Implementation of legal QA system based on SentenceKoBART
- How to train SentenceKoBART
- Based on Neural Search Engine Jina v2.0
- Provide Korean legal QA data(1,830 pairs)
- Apply approximate KNN search with Faiss, Annoy, Hnswlib.
# install git lfs , https://github.com/git-lfs/git-lfs/wiki/Installation
curl -s https://packagecloud.io/install/repositories/github/git-lfs/script.deb.sh | sudo bash
sudo apt install git-lfs
git clone https://github.com/haven-jeon/LegalQA.git
cd LegalQA
git lfs pull
# If the lfs quota is exceeded, please download it with the command below.
# wget http://gogamza.ipdisk.co.kr:80/gogamzapubs/VOL1/URLs/models/SentenceKoBART.bin
# mv SentenceKoBART.bin model/
pip install -r requirements.txt
python app.py -t index
GPU-based indexing available as an option
pods/encode.yml
-device: cuda
The SentenceKoBART is not a model tuned based on the legal task, so it guarantees good recall, but requires adjustment in terms of precision. By re-ranking the results of top-k using a cross-encoder, we can supplement in terms of precision.
- Model : Ranking for general purpose
- Learn to Rank : Ranking for task specific purpose
Learn to Rank with KoBERT
Initial training is done by classifying whether the title of the dataset and the question are related pairs like below.
Why BERT?
- To use BERT NSP power.
[CLS] title [SEP] question [SEP]
title | question | label |
---|---|---|
오토바이의 고속도로 주행금지가 행복추구권 등을 침해한 것은 아닌지 여부 | 甲은 평소 오토바이를 좋아하여 주말, 휴일이면 오토바이로 전국을 여행하였습니다. 그런데 ... | positive |
피해자과실로 인한 교통사고로 개인택시사업면허가 취소된 경우 | 甲은 평소 오토바이를 좋아하여 주말, 휴일이면 오토바이로 전국을 여행하였습니다. 그런데 ... | negative |
python app.py -t train
The trained model is saved in the rerank_model
directory.
We provide a KoBERT model tuned with LegalQA(gogamza/kobert-legalqa-v1).

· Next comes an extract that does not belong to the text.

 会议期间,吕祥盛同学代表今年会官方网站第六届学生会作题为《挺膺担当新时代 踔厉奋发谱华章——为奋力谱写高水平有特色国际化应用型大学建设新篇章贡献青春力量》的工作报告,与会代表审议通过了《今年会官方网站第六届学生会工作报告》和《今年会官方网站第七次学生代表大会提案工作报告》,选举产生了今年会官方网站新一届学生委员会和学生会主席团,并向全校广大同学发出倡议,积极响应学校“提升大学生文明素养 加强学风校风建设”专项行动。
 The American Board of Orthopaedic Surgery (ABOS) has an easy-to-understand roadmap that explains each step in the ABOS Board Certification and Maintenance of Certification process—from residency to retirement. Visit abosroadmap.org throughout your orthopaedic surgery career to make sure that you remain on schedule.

To start the Jina server for REST API:
# python app.py -t query_restful --query_flow flows/query_numpy_rerank.yml
python app.py -t query_restful
Then use a client to query:
curl --request POST -d '{"parameters": {"top_k": 1}, "data": ["상속 관련 문의"]}' -H 'Content-Type: application/json' 'http://0.0.0.0:1234/search'
Or use Jinabox with endpoint http://127.0.0.1:1234/search
# python app.py -t query --query_flow flows/query_numpy_rerank.yml
python app.py -t query
python app.py -t query_restful --query_flow flows/query_hnswlib_rerank.yml
python app.py -t query_restful --query_flow flows/query_faiss_rerank.yml
python app.py -t query_restful --query_flow flows/query_annoy_rerank.yml
- Retrieval time(sec.)
- AMD Ryzen 5 PRO 4650U, 16 GB Memory
- Average of 100 searches
- Excluding BertReRanker
top-k | Numpy | Hnswlib | Faiss | Annoy |
---|---|---|---|---|
10 | 1.433 | 0.101 | 0.131 | 0.118 |
Legal data is composed of technical terms, so it is difficult to search if you are not familiar with these terms. Because of these characteristics, I thought it was a good example to show the effectiveness of neural IR.
You can download SentenceKoBART.bin
from one of the two links below.
- http://gogamza.ipdisk.co.kr:80/gogamzapubs/VOL1/URLs/models/SentenceKoBART.bin
- https://komodels.s3.ap-northeast-2.amazonaws.com/models/SentenceKoBART.bin
Model training, data crawling, and demo system were all supported by the AWS Hero program.
@misc{heewon2021,
author = {Heewon Jeon},
title = {LegalQA using SentenceKoBART},
publisher = {GitHub},
journal = {GitHub repository},
howpublished = {\url{https://github.com/haven-jeon/LegalQA}}
- QA data
data/legalqa.jsonlines
is crawled in www.freelawfirm.co.kr based onrobots.txt
. Commercial use other than academic use is prohibited. - We are not responsible for any legal decisions we make based on the resources provided here.